WORK TASK ▸ For this exercise, write out only the lines of the entries below from the one with "イベント サザンセト マッチングイベント" up to and including the one with "Sky blue plastic", exactly as they are. Pictures stay out.
── DATA EXCERPTS
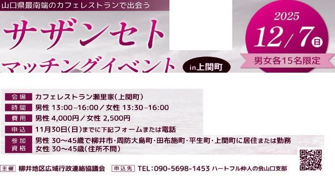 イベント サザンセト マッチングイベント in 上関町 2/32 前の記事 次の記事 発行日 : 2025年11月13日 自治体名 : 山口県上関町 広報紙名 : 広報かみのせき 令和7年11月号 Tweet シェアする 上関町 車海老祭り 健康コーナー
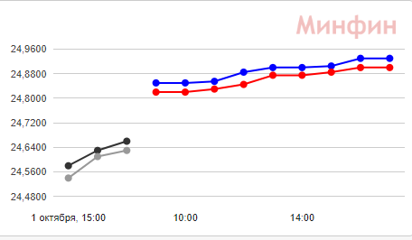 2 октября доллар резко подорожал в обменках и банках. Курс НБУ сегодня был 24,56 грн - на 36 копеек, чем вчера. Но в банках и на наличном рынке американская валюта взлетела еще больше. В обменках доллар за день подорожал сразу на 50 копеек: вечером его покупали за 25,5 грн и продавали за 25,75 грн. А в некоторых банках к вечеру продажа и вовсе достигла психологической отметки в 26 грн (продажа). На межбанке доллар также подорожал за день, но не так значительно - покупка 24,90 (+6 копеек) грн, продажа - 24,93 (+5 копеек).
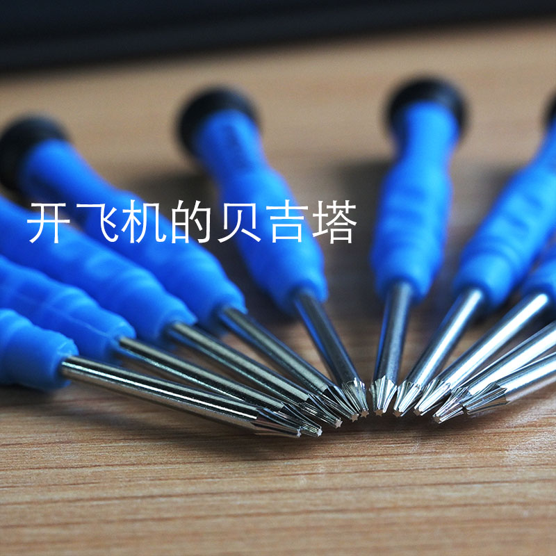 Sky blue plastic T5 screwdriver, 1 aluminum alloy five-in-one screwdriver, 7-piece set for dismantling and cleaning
────
── DATA EXCERPTS
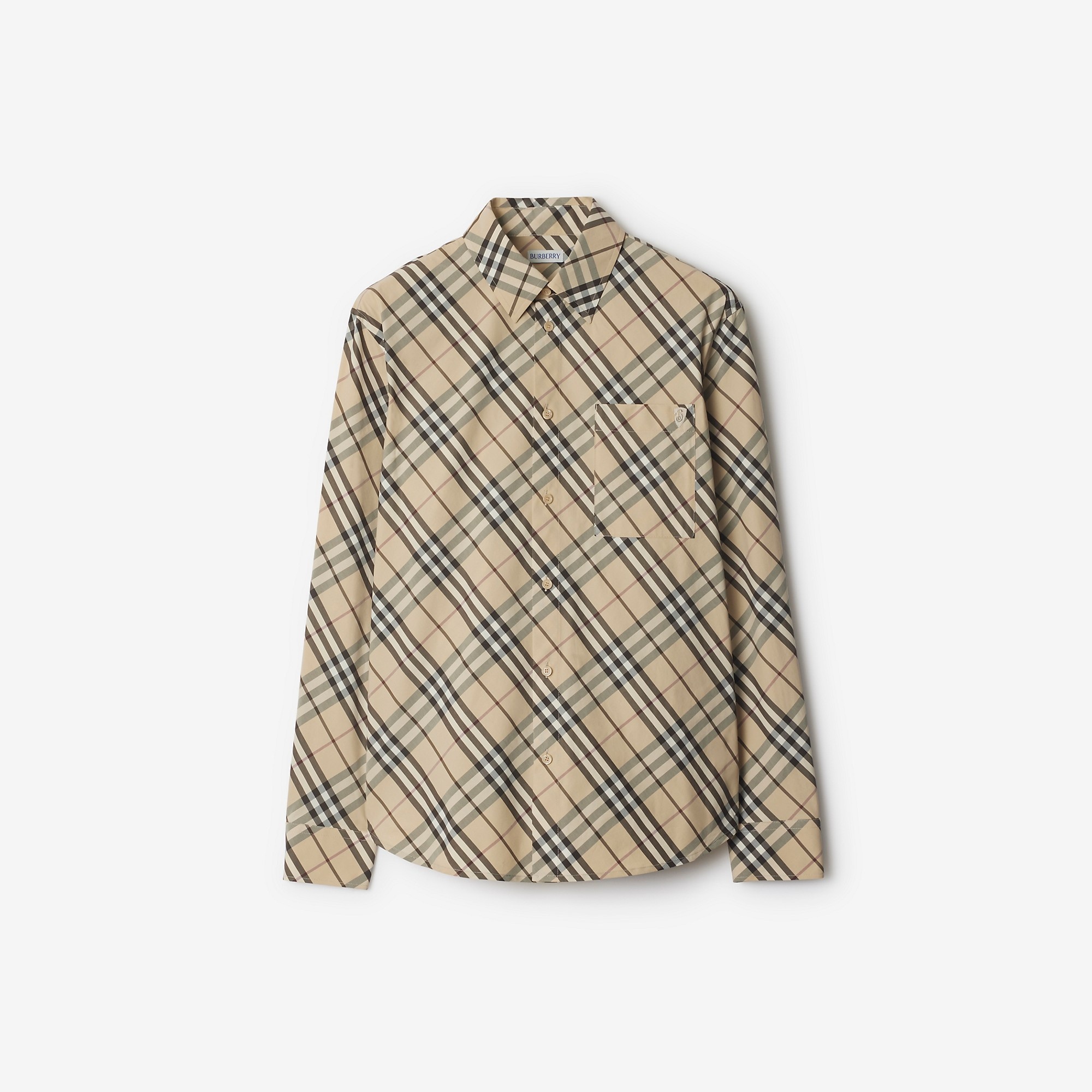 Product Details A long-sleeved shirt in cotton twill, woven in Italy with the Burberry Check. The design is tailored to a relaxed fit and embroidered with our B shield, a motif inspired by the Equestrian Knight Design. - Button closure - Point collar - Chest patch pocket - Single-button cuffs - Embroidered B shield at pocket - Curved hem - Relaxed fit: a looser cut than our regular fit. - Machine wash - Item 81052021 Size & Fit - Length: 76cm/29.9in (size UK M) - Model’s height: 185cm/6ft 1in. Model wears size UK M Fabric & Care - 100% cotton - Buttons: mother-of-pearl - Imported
────
ANSWER AREA ▸
 イベント サザンセト マッチングイベント in 上関町 2/32 前の記事 次の記事 発行日 : 2025年11月13日 自治体名 : 山口県上関町 広報紙名 : 広報かみのせき 令和7年11月号 Tweet シェアする 上関町 車海老祭り 健康コーナー
 2 октября доллар резко подорожал в обменках и банках. Курс НБУ сегодня был 24,56 грн - на 36 копеек, чем вчера. Но в банках и на наличном рынке американская валюта взлетела еще больше. В обменках доллар за день подорожал сразу на 50 копеек: вечером его покупали за 25,5 грн и продавали за 25,75 грн. А в некоторых банках к вечеру продажа и вовсе достигла психологической отметки в 26 грн (продажа). На межбанке доллар также подорожал за день, но не так значительно - покупка 24,90 (+6 копеек) грн, продажа - 24,93 (+5 копеек).
 Sky blue plastic T5 screwdriver, 1 aluminum alloy five-in-one screwdriver, 7-piece set for dismantling and cleaning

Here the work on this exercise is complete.